The release of MCs occurs preferentially due to cellular senescence, when membrane lysis occurs naturally, rather than continuous excretion (Zi et al. 2018). Lysis may also occur during the application of chemicals for the treatment or control of cyanobacteria, especially algaecides (Chorus & Bartran 1999). After cyanobacteria lysis, the intracellular contents are dissolved into water, making them available to organisms (Schmidt et al. 2013) and accumulating in the aquatic systems (Pereira et al. 2018). Dissolved MCs are more difficult and costly to remove in conventional water treatment plants (Van Apeldoorn et al. 2007) since extra treatment steps must be incorporated into the treatment train (Hamilton et al. 2013). In addition, to minimize risks, frequent analysis of MCs and cyanobacteria cell density is required, further increasing the costs and time consumed. Frequently, by the time analysis confirms the presence of toxins, the finished water has already been delivered to consumers.

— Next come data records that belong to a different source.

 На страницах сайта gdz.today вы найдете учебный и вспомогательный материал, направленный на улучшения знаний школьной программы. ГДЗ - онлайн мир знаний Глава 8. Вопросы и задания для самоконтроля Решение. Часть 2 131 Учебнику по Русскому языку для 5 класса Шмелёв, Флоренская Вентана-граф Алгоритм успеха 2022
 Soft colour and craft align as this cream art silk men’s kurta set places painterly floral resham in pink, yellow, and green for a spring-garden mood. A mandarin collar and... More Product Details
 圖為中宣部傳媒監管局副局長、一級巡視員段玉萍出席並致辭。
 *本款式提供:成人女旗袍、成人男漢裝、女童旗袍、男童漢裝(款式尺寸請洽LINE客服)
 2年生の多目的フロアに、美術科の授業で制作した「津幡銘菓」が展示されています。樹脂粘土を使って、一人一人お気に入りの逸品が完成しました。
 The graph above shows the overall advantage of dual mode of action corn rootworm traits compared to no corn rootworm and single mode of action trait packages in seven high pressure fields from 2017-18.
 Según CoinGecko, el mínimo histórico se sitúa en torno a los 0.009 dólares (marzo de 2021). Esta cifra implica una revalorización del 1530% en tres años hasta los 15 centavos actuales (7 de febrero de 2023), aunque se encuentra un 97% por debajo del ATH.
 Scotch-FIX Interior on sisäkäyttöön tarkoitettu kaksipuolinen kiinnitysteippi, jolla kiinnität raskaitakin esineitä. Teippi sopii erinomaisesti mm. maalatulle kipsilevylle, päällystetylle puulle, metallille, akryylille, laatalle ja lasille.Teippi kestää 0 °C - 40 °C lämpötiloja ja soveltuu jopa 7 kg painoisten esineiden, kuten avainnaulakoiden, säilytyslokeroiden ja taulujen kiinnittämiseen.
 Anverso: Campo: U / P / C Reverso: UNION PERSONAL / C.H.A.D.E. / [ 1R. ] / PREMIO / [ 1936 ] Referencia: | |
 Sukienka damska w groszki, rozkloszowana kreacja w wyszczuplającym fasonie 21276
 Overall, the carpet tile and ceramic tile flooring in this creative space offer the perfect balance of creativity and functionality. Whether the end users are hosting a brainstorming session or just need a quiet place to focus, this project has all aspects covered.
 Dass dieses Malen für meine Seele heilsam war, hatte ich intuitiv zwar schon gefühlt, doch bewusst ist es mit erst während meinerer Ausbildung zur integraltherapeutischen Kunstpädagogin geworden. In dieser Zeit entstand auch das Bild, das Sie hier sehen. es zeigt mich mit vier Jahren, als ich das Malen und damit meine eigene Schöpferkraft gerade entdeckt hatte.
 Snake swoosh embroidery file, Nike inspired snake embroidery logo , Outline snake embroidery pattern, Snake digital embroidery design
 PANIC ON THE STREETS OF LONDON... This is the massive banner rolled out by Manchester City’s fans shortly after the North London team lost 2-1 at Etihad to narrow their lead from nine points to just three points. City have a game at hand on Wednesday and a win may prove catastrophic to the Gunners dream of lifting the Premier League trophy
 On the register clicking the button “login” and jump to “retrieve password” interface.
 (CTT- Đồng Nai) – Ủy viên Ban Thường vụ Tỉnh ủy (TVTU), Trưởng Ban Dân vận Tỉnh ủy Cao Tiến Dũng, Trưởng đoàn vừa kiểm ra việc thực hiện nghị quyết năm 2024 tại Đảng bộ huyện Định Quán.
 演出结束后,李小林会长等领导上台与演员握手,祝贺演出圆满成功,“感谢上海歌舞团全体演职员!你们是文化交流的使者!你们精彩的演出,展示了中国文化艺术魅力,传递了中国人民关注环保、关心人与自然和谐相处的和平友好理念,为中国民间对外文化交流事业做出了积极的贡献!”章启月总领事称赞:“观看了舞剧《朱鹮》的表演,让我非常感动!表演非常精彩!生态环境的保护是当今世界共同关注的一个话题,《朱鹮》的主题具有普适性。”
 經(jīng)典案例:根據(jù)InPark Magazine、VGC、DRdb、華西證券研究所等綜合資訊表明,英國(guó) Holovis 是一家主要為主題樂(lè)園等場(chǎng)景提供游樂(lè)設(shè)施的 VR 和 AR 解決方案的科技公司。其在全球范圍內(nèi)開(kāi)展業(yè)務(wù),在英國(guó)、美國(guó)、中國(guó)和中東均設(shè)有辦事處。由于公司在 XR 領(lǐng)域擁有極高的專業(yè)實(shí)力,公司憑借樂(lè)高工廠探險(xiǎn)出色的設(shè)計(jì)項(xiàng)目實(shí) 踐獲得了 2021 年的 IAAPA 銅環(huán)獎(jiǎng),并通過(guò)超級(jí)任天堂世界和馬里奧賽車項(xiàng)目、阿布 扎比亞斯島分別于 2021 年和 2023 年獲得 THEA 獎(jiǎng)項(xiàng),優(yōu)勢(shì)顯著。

In order to overcome the high costs and time required for cell count and cyanotoxin analysis, some attempts to develop predictive methods were carried out to evaluate how environmental variables are connected to the growth of toxic cyanobacteria and toxin production (Bortoli et al. 2014). Harris & Graham (2017) observed that pigments, iron and dissolved oxygen presented a high correlation with MCs concentration. Marion et al. (2012) developed a multivariate logistic regression model using real-time measurements of phycocyanin in vivo and Secchi depth to evaluate the risks of MCs concentration exceeding 4 μg L−1 in waters of a recreation pond. The final model reached high statistical significance as well as a good calibration, proving to be effective in identifying the risks involved with bathing. McQuaid et al. (2011) used in vivo analyses of phycocyanin in an attempt to evaluate the abundance of cyanobacteria and the associated MCs concentration in water sources. The results of this study demonstrated that there is a potential for the prediction of cyanobacteria biovolume and the concentration of MCs using phycocyanin probes.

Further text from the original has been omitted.